Coronavirus, changement climatique, urgence et mobilisation

Dans les deux cas, il y a urgence à agir. Mais la réponse n’est pas la même. Mobilisation sans précédent pour endiguer l’épidémie d’un côté, apathie, voire inertie face à la crise climatique et environnementale de l’autre. Comment expliquer une telle différence de mobilisation ? Quelles leçons faut-il en tirer pour préparer le jour d’après, décarboner nos sociétés et renforcer notre résilience au changement climatique ?

 

Comme le soulignait Corinne Le Quéré, présidente du Haut conseil pour le climat, dans son intervention du 11 mars 2020 devant le Conseil économique, social et environnemental : « Sans pousser l’analogie trop loin, on voit bien avec l’actuelle crise sanitaire liée au coronavirus la capacité des gouvernements à agir dans l’urgence pour l’intérêt général. […] Une réponse rapide est coordonnée à l’international, soutenue par les individus et les entreprises. La communication est continue. Des sommes importantes sont débloquées au niveau national ou européen pour aider les entreprises à passer le cap. On sait donc faire. »

Pourquoi la mobilisation ne prend pas autant, face à l’urgence climatique ? Pourquoi, à l’inverse de la crise du coronavirus, n’écoute-t-on pas les recommandations des scientifiques ? Créé en 1988, le Groupe d’experts Intergouvernemental sur l’Evolution du Climat (GIEC) a déjà publié 5 rapports, chaque nouveau rapport étant plus alarmant que le précédent. Des scientifiques évoquent des points de basculement dont le dépassement pourrait provoquer des effets en cascade irréversibles (effondrement de la banquise, dégel du pergélisol, ralentissement des courants océaniques…).

En France, face à l’urgence climatique et à l’inaction du gouvernement, 1000 scientifiques de toutes disciplines ont même appelé les citoyens à participer aux « actions de désobéissance civile » menées par des mouvements écologistes comme Amis de la Terre, Attac, Greenpeace, Youth for Climate, Extinction Rebellion, pour changer de modèle.

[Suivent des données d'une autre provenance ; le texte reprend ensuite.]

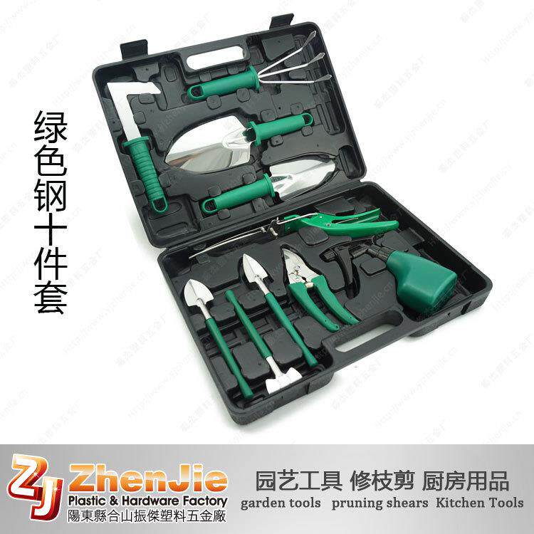 现货新款不锈钢十件套园艺工具套装花园用具铲耙锹剪喷壶园林用品
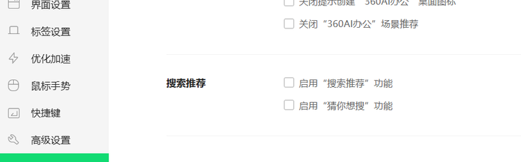 360主页搜索框的“猜你想搜”功能永远关不掉?在设置里关闭重启浏览器又开启?
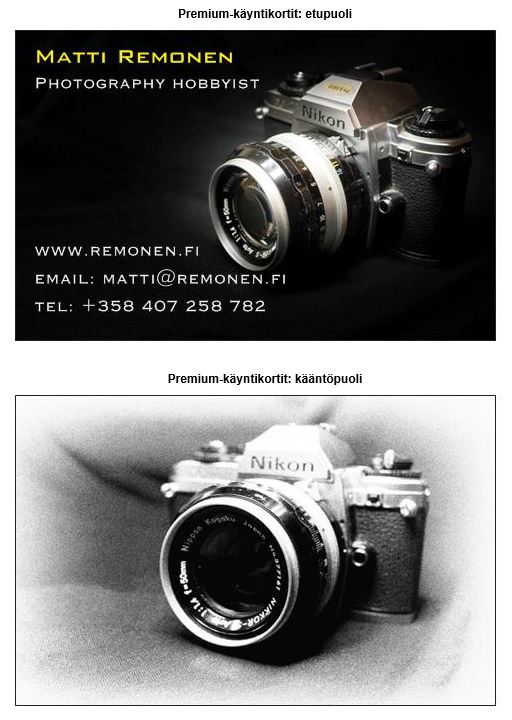 kayntikortit-4Ulkomaisia valokuvausharrastukseen keskittyviä sivustoja lukiessa olen pariinkin otteeseen törmännyt keskusteluihin käyntikorteista. Keskustelu on yleensä mennyt jotenkin sen suuntaisesti, että valokuvaajalla olisi hyvä olla mukanaan käyntikortteja, joista jotenkin selviää, että kuka, mitä ja missä. Siis lähinnä yhteystiedot ja joku valokuvaukseen viittaava nimike, jolla voi perustella miksi on kameran kanssa hääräämässä. Mikään pressikorttihan tuo ei ole, mutta jossain tapauksissa voi helpottaa kuvaustilannetta tai jopa auttaa pääsemään johonkin kuvaukselliseen paikkaan. Ja onhan tuossa se etu, että tarvittaessa yhteystiedot on näppärästi annettavissa, jos nyt joku haluaa sinun ottamasi kuvan itselleen.
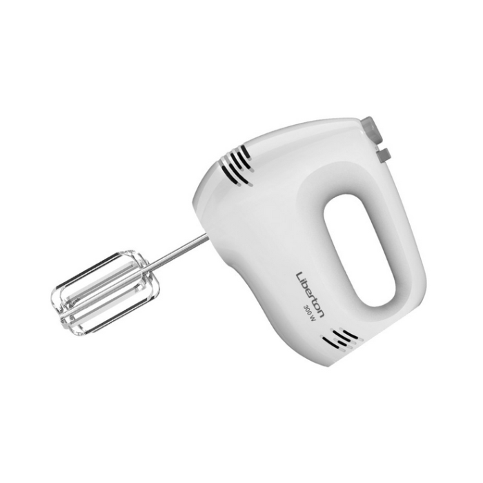 Потужність: 300 Вт; Кількість швидкостей: 5; Режим "Турбо": ні; Насадки: віночки, гачки для тіста; Матеріал насадок: сталь; Кнопка вилучення насадок: так; Матеріал корпусу: пластик; Довжина шнура: 0,9 м; Розмір виробу: 16,6 х6, 4х14 см; Колір білий.
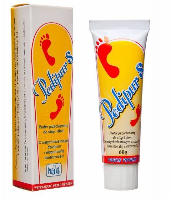 Nadmierna potliwość połączona z nieprzyjemnym zapachem jest niewątpliwie poważnym problemem estetycznym i psychospołecznym, dotyczącym aż 1% dorosłej populacji. Nadmierna potliwość najczęściej dotyczy skóry stóp i dłoni. Sprzyja rozwojowi różnych gatunków grzybów, stanowiących przyczynę poważnego uszkodzenia skóry. Nasilenie pocenia stóp i dłoni zależy od czynników takich jak: temperatura, układ nerwowy wegetatywny, wysiłek mięśniowy, jak również ilość przyjętego przez organizm płynu. Puder do stóp i dłoni Pedipur S skutecznie zwalcza nadmierną potliwość stóp i dłoni, zmniejsza wydzielanie potu oraz likwiduje jego przykry zapach na stopach, butach i skarpetkach. Działa również przeciwgrzybiczo, wysuszająco i ściągająco oraz łagodzi objawy podrażnienia. Ponadto zmiękcza i odświeża skórę, przynosząc ulgę zmęczonym stopom. Za działanie przeciwpotne odpowiada metenamin. Działanie swoje zawdzięcza uwolnieniu, wskutek kontaktu z kwaśnym potem, aldehydowi mrówkowemu, który osłabia czynność gruczołów potowych oraz działa przeciwbakteryjnie. Zawarta w preparacie siarka wzmaga działanie metenaminy. Wykazuje także działanie wysuszające i adsorbujące. Siarka działa również keratolitycznie i powoduje złuszczenie zrogowaciałej warstwy naskórka

Changer le système par le bas. « Notre gouvernement se rend complice de cette situation en négligeant le principe de précaution et en ne reconnaissant pas qu’une croissance infinie sur une planète aux ressources finies est tout simplement une impasse. » (Appel de 1000 scientifiques, 20 février 2020, Tribune au « Monde »)

Comment expliquer cette incapacité à mettre en place des actions fortes et rapides pour faire face à la crise climatique et environnementale ?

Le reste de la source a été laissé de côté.